**TASK DIRECTIONS**
Every record should be restated exactly, with no images included.

*** Opening DATA RECORDS ***

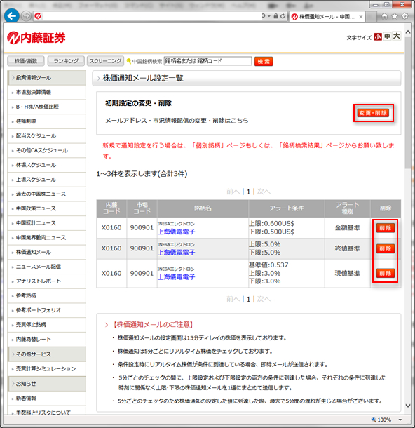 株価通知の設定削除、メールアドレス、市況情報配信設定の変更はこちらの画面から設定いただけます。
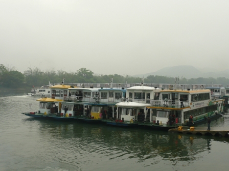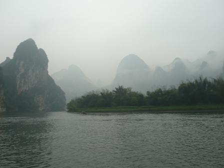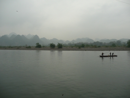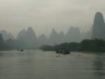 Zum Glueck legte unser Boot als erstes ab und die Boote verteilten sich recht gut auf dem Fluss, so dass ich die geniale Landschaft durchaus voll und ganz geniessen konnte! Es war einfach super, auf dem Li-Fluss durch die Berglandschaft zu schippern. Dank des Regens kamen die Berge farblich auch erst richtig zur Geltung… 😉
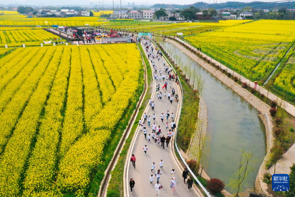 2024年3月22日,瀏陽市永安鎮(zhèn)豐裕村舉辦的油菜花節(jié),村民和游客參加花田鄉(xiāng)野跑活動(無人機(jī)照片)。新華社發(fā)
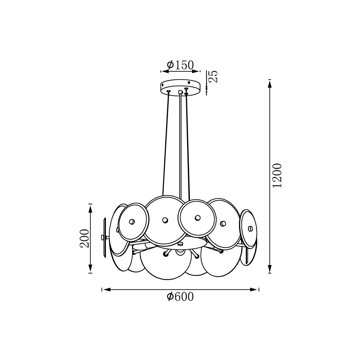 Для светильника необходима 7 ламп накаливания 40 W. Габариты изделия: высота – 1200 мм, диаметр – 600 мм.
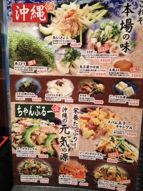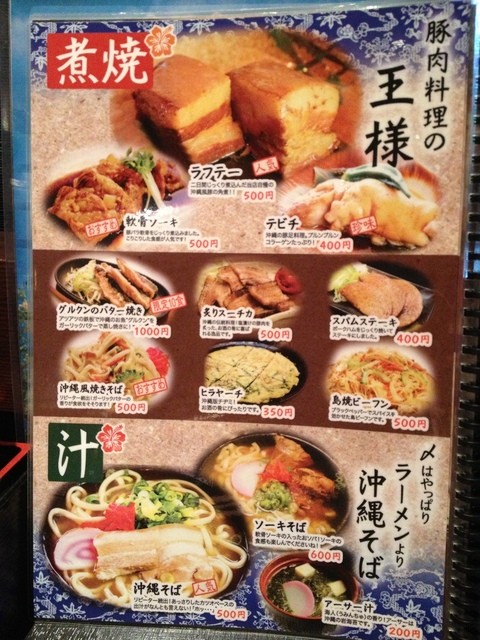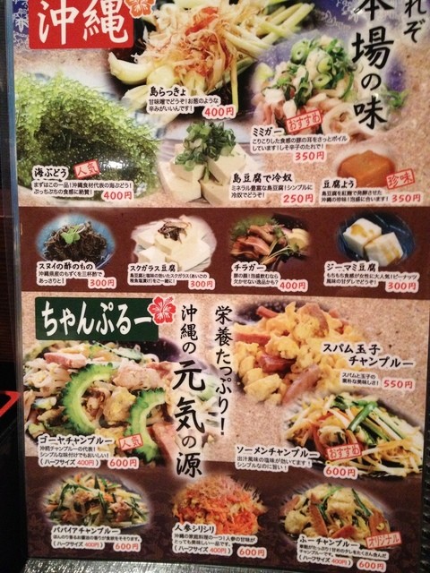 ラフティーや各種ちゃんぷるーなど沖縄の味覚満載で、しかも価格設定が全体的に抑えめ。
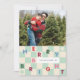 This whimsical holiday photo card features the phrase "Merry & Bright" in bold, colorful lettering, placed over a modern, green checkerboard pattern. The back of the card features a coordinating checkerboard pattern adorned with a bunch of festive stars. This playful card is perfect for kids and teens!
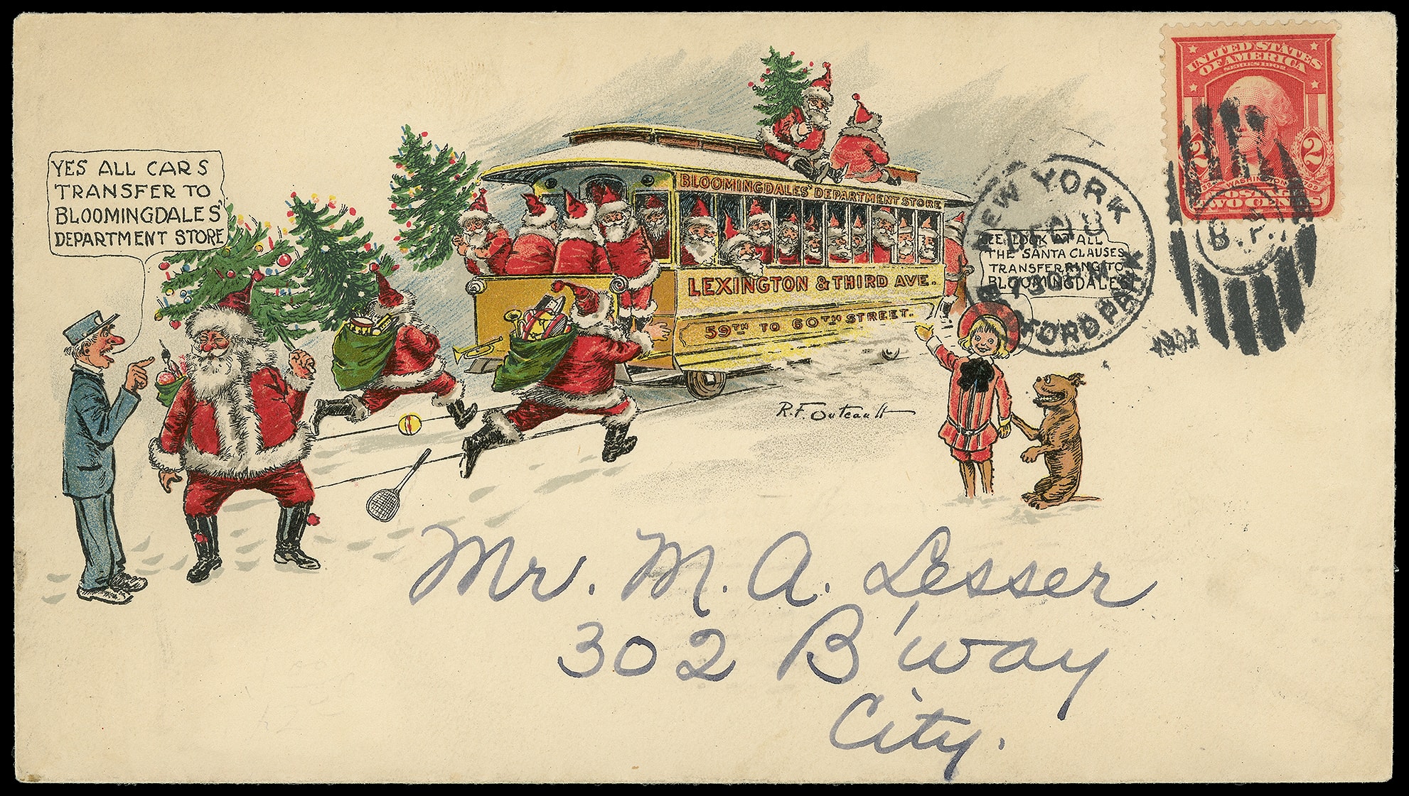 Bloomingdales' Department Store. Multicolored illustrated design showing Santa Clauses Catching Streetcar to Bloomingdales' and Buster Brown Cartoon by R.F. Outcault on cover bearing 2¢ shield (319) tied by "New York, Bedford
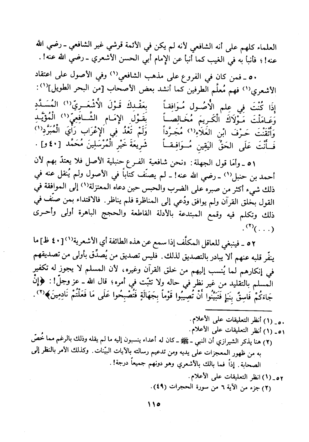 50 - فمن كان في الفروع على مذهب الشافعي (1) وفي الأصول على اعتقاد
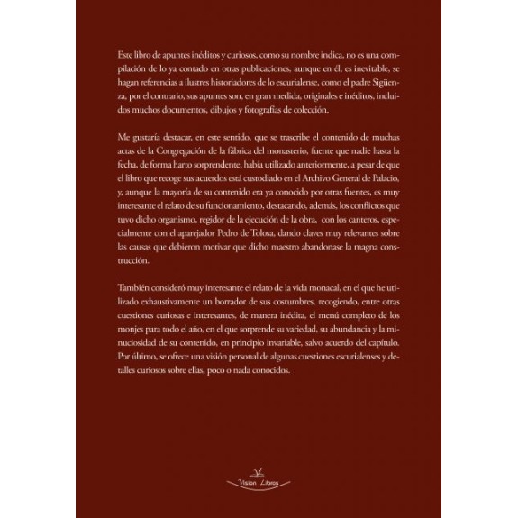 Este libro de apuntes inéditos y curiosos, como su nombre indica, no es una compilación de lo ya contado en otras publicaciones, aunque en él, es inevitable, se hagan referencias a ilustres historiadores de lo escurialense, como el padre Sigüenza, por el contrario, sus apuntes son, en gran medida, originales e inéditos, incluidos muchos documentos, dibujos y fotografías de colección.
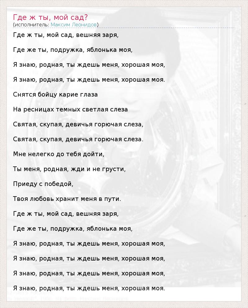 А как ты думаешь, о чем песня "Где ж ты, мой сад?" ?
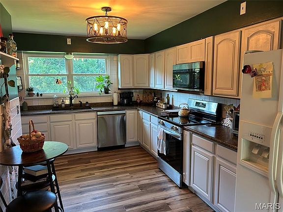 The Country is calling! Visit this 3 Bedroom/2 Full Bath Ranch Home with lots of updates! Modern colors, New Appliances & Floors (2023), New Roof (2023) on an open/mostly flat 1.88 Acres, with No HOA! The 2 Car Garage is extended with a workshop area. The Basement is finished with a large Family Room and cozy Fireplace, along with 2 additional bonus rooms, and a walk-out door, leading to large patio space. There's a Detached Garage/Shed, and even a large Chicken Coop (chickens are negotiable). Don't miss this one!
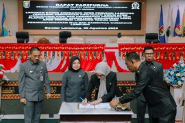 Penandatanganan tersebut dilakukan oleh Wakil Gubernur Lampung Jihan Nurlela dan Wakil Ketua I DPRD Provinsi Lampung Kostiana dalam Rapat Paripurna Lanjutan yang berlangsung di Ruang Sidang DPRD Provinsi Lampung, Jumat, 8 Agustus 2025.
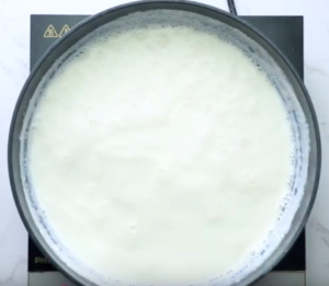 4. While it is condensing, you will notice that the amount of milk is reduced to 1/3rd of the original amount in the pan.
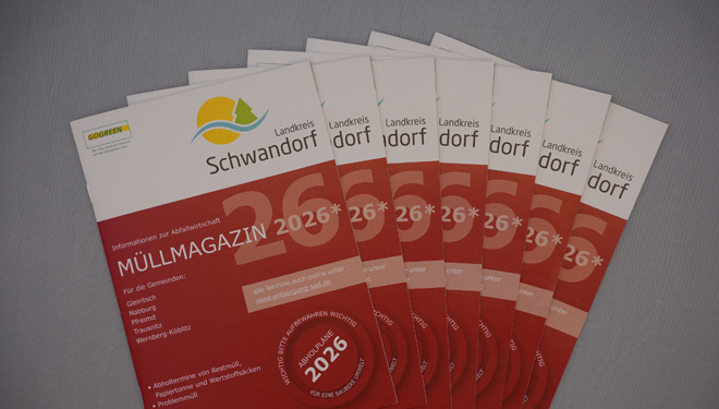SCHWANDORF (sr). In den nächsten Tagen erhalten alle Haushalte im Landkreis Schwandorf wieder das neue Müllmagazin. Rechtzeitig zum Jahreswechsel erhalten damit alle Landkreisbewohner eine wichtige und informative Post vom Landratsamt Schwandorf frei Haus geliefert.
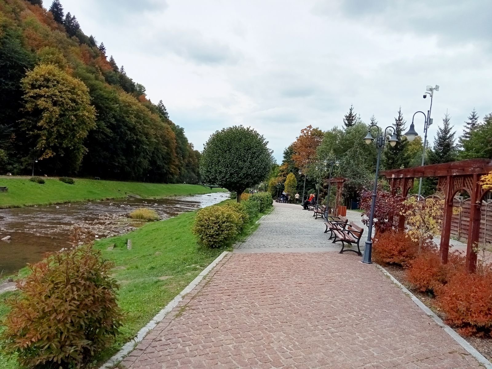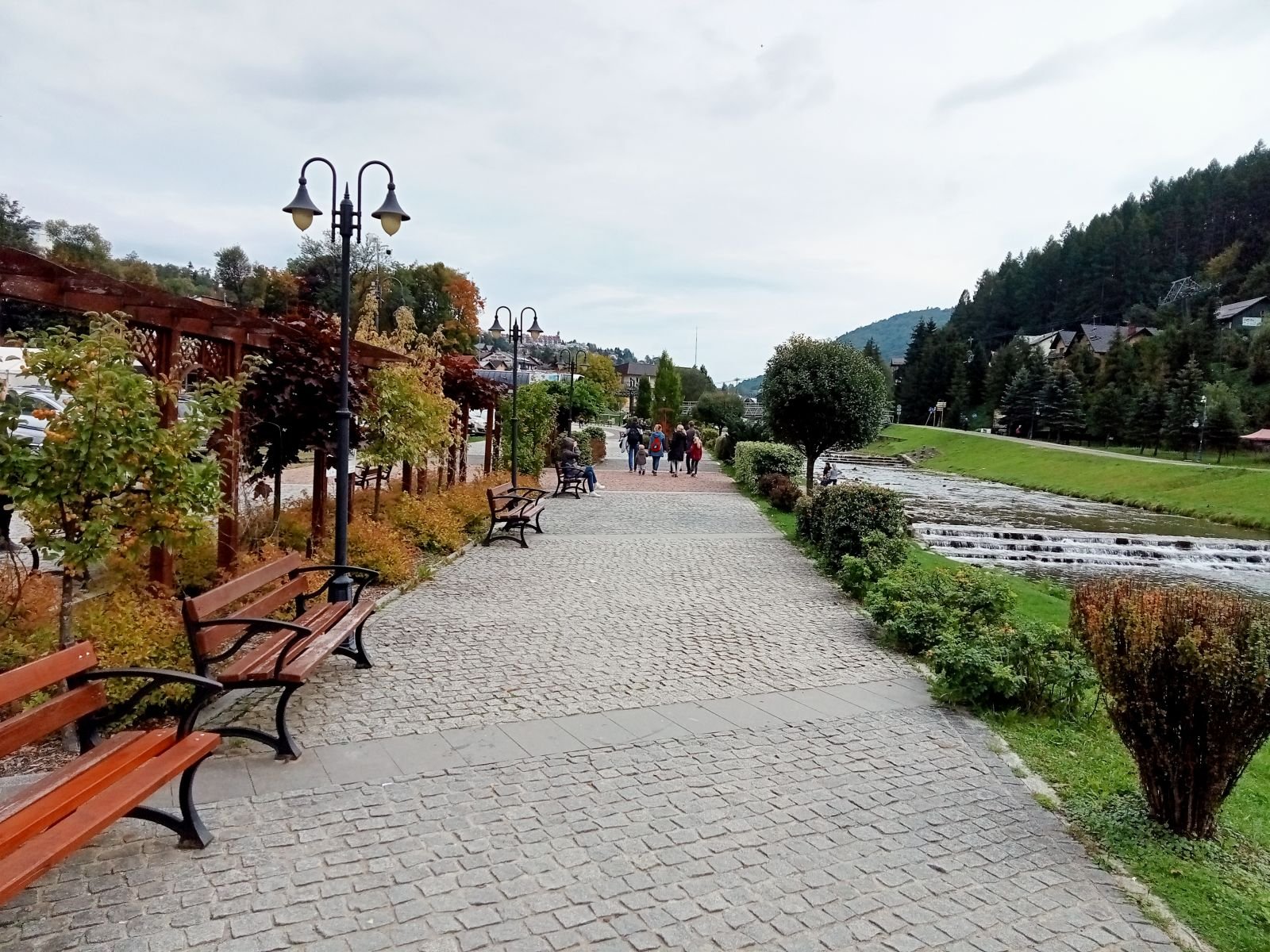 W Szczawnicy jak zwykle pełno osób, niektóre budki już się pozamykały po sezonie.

*** Closing DATA RECORDS ***

**SOLUTION TO THIS PROBLEM**
 株価通知の設定削除、メールアドレス、市況情報配信設定の変更はこちらの画面から設定いただけます。
 Zum Glueck legte unser Boot als erstes ab und die Boote verteilten sich recht gut auf dem Fluss, so dass ich die geniale Landschaft durchaus voll und ganz geniessen konnte! Es war einfach super, auf dem Li-Fluss durch die Berglandschaft zu schippern. Dank des Regens kamen die Berge farblich auch erst richtig zur Geltung… 😉
 2024年3月22日,瀏陽市永安鎮(zhèn)豐裕村舉辦的油菜花節(jié),村民和游客參加花田鄉(xiāng)野跑活動(無人機(jī)照片)。新華社發(fā)
 Для светильника необходима 7 ламп накаливания 40 W. Габариты изделия: высота – 1200 мм, диаметр – 600 мм.
 ラフティーや各種ちゃんぷるーなど沖縄の味覚満載で、しかも価格設定が全体的に抑えめ。
 This whimsical holiday photo card features the phrase "Merry & Bright" in bold, colorful lettering, placed over a modern, green checkerboard pattern. The back of the card features a coordinating checkerboard pattern adorned with a bunch of festive stars. This playful card is perfect for kids and teens!
 Bloomingdales' Department Store. Multicolored illustrated design showing Santa Clauses Catching Streetcar to Bloomingdales' and Buster Brown Cartoon by R.F. Outcault on cover bearing 2¢ shield (319) tied by "New York, Bedford
 50 - فمن كان في الفروع على مذهب الشافعي (1) وفي الأصول على اعتقاد
 Este libro de apuntes inéditos y curiosos, como su nombre indica, no es una compilación de lo ya contado en otras publicaciones, aunque en él, es inevitable, se hagan referencias a ilustres historiadores de lo escurialense, como el padre Sigüenza, por el contrario, sus apuntes son, en gran medida, originales e inéditos, incluidos muchos documentos, dibujos y fotografías de colección.
 А как ты думаешь, о чем песня "Где ж ты, мой сад?" ?
 The Country is calling! Visit this 3 Bedroom/2 Full Bath Ranch Home with lots of updates! Modern colors, New Appliances & Floors (2023), New Roof (2023) on an open/mostly flat 1.88 Acres, with No HOA! The 2 Car Garage is extended with a workshop area. The Basement is finished with a large Family Room and cozy Fireplace, along with 2 additional bonus rooms, and a walk-out door, leading to large patio space. There's a Detached Garage/Shed, and even a large Chicken Coop (chickens are negotiable). Don't miss this one!
 Penandatanganan tersebut dilakukan oleh Wakil Gubernur Lampung Jihan Nurlela dan Wakil Ketua I DPRD Provinsi Lampung Kostiana dalam Rapat Paripurna Lanjutan yang berlangsung di Ruang Sidang DPRD Provinsi Lampung, Jumat, 8 Agustus 2025.
 4. While it is condensing, you will notice that the amount of milk is reduced to 1/3rd of the original amount in the pan.
SCHWANDORF (sr). In den nächsten Tagen erhalten alle Haushalte im Landkreis Schwandorf wieder das neue Müllmagazin. Rechtzeitig zum Jahreswechsel erhalten damit alle Landkreisbewohner eine wichtige und informative Post vom Landratsamt Schwandorf frei Haus geliefert.
 W Szczawnicy jak zwykle pełno osób, niektóre budki już się pozamykały po sezonie.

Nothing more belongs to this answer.